Did you specify max_line_width and max_line_count? Try --max_line_width 42 --max_line_count 2

@sorgfresser just curious, how to find out all the command line options that I can pass? Like where/how did you know that whisperx can take command line argument called max_line_width or max_line_count?

whisperx -h

jim60105 commented 1 year ago

@shruru A new argument --chunk_size has been added at #445. Please check if this resolves your issue.

ipeevski commented 7 months ago

@jim60105 It helps (when reducing the chunk_size value), but doesn't resolve the problem.

And I assume, if you make the chunk_size value too small, it will make the transcription worse too?!

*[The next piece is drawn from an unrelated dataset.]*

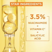 • Enriched with a potent mix of citrus extracts, 3.5% Vitamin C derivates, Niacinamide and Salicylic Acid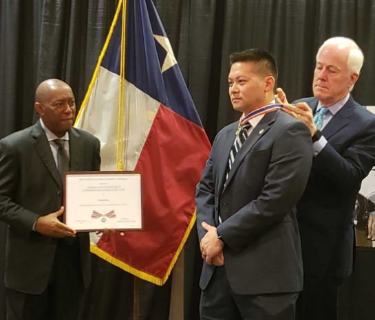 #FBI, Houston Special Agents received the Congressional#BadgeofBravery. Their heroic actions during Hurricane Harvey saved dozens of Texans trapped in surging floodwaters. We look forward to continuing to protect#Texas Gulf Coast residents.pic.twitter.com/HlMk1kNrur

It seems like it's not doing processing properly on some parts. Punctuation and capitalization is inconsistent within the same file (sometimes i/I is capitalized, sometimes there are full stops and sometimes not, etc)

jimi202008 commented 4 months ago

Use --chunk_size 10 The default settings for whisperx are terrible it's best to reset them with whisperx -h see instructions

sempiternoiddqd commented 3 months ago

I'm working with --chunk_size 5 IT'S PERFECT! I updated to the latest version with large-v3 no more 5-lines-subtitles.

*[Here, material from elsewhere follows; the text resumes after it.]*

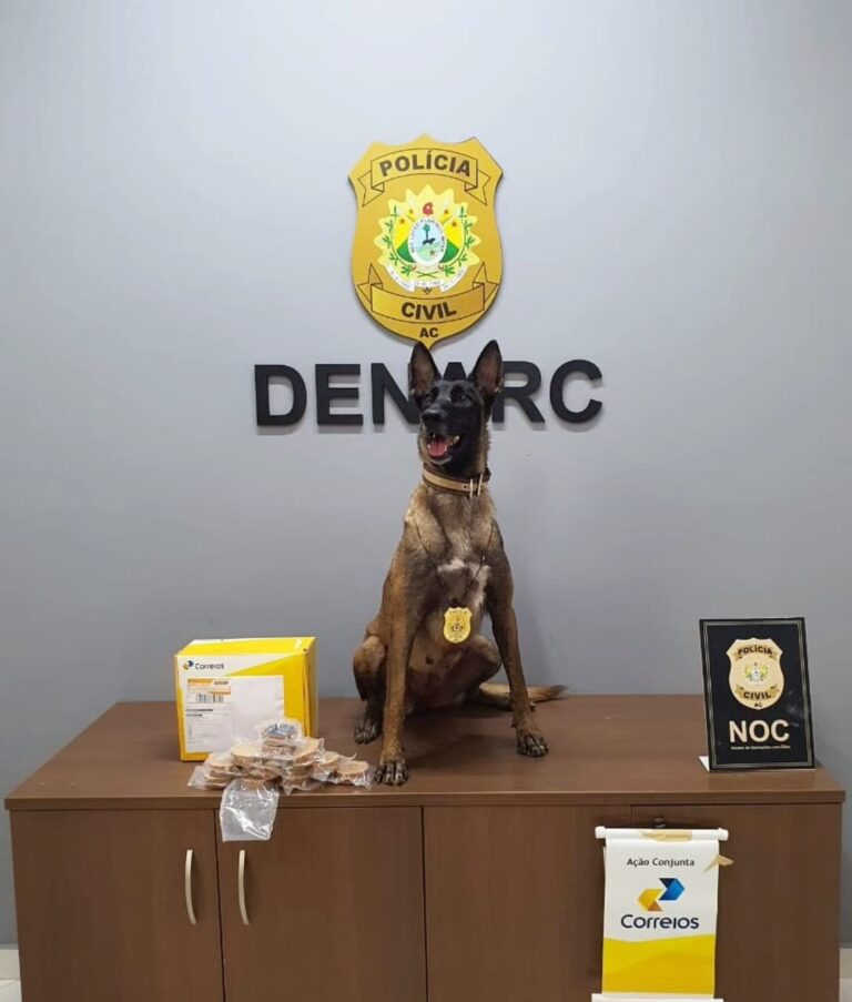 Cão farejador da Polícia Civil detecta drogas em agências dos Correios com destino ao Tocantins

foolishgrunt commented 4 days ago

I agree that the best workaround, at this time, is providing an appropriate value for --chunk_size. However, in my case, this often leaves "orphaned" words or (or short phrases) in their own segment when they clearly belong to either the segment before or after. I have to manually comb through the subtitles afterwards and correct these instances.

Also, relying on --chunk_size does not adequately account for times when the speaker increases his rate of speech, making a previously sane chunk size suddenly too long. In one instance, in a few instances, I've ended up with 80-100 characters in a single segment.

@sorgfresser previously suggested --max_line_width 42 --max_line_count 2. However, when I call this, sometimes pieces of a segment that would otherwise exceed the character limit are shifted to a shorter neighboring segment... without adjusting the timestamps of either segment. The results are unusable (unlike the results with --chunk_size, which are merely messy at times).

I would love to see the capabilities of --max_line_width and --max_line_count further refined, as this seems like it would be the most ideal solution.